Below is an excerpt from the white paper Planning Your BI Program: A Portfolio Management Approach by senior consultant, Kimberly Nevala. In this white paper, Kimberly discusses ways in which your BI Program is, in many ways, very similar to your personal financial portfolio, and how, by applying some of the same principles you apply to your own finances, you can create a sustainable approach to optimize and capitalize on your corporate information. You can download the full paper here.
Portfolio Management and BI
In a very real sense, your BI program is an investment akin to your corporate or personal financial portfolio. It is multifaceted, dynamic, and subject to sometimes unpredictable internal and external pressures. Just like a financial portfolio, BI represents a significant, strategic investment and requires a similar level of discipline relative to its ongoing, deliberate management and control.
Figure 1: Balancing BI Investments
As seen in Figure 1, taking a portfolio management approach to BI implies we must continuously:
- Understand business strategies and objectives
- Monitor internal business performance, as well as external industry and economic trends
- Identify business opportunities and needs
- Balance opportunities against available capital, enterprise resources and risk/reward ratios (aka ROI)
- Deploy appropriate business intelligence capabilities to confirm and/or capitalize upon selected opportunities
In the investment parlance, portfolio management can be active or passive.

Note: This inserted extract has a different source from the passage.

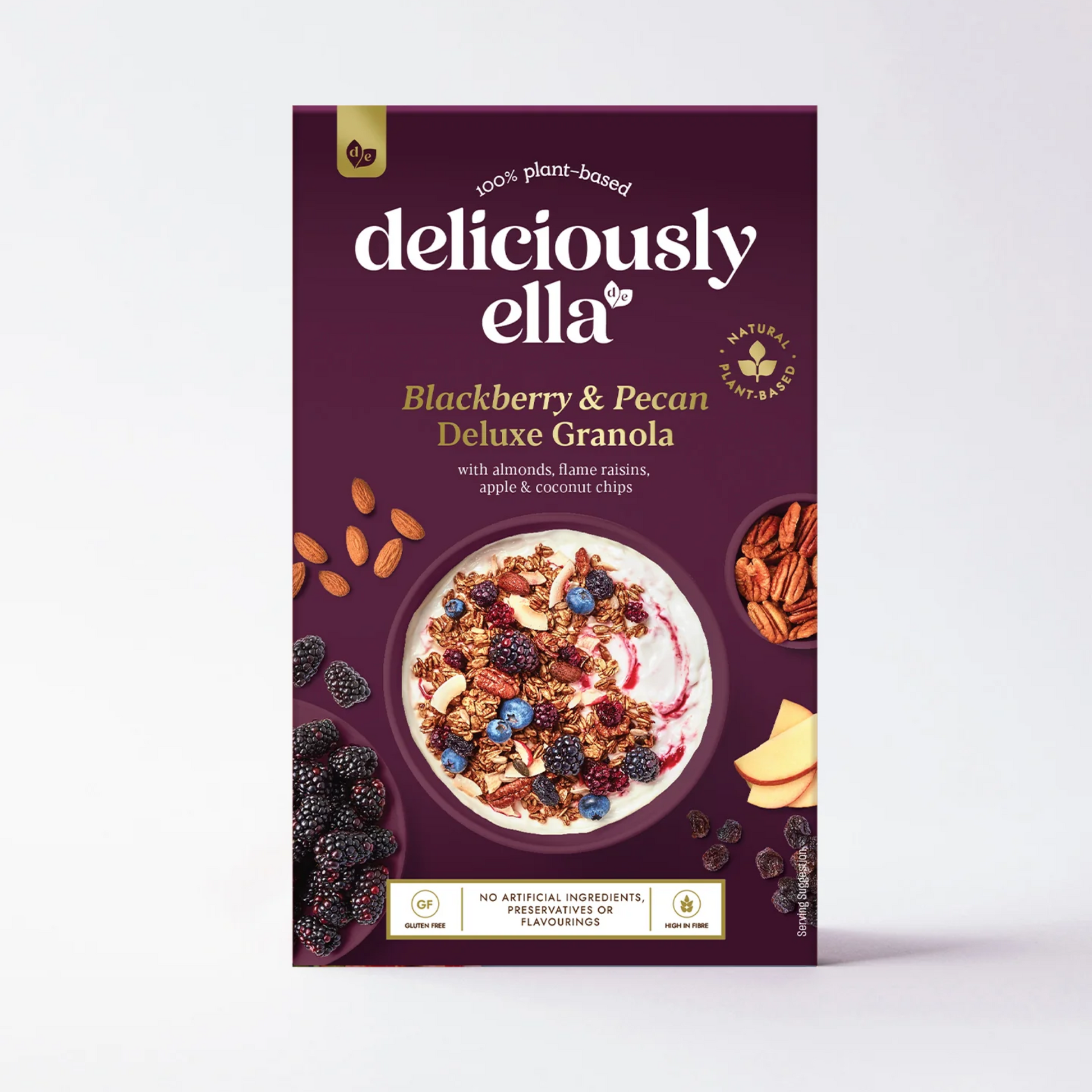 Gluten Free Oats (62.9%), Date Syrup, Coconut Sugar, Flame Raisins (4%), Rapeseed Oil, Pecans (2.7%), Almonds (2.7%), Coconut Chips (2%), Sunflower Seeds, Dried Apple (1.5%), Pumpkin Seeds, Freeze Dried Wild Blackberries (1%), Cinnamon (Cassia).

Immature BI programs tend to focus on passive—or reactive—capabilities. They are focused on basic reporting about events that have occurred and simple analytic extrapolations. They are usually based on ad hoc requests and lack of user prowess with toolsets. Mature BI programs include (pro)active capabilities such as forecasting, predictive analysis and data mining. In addition, these capabilities—or outputs thereof—are integrated into the business’s decision-making and management processes.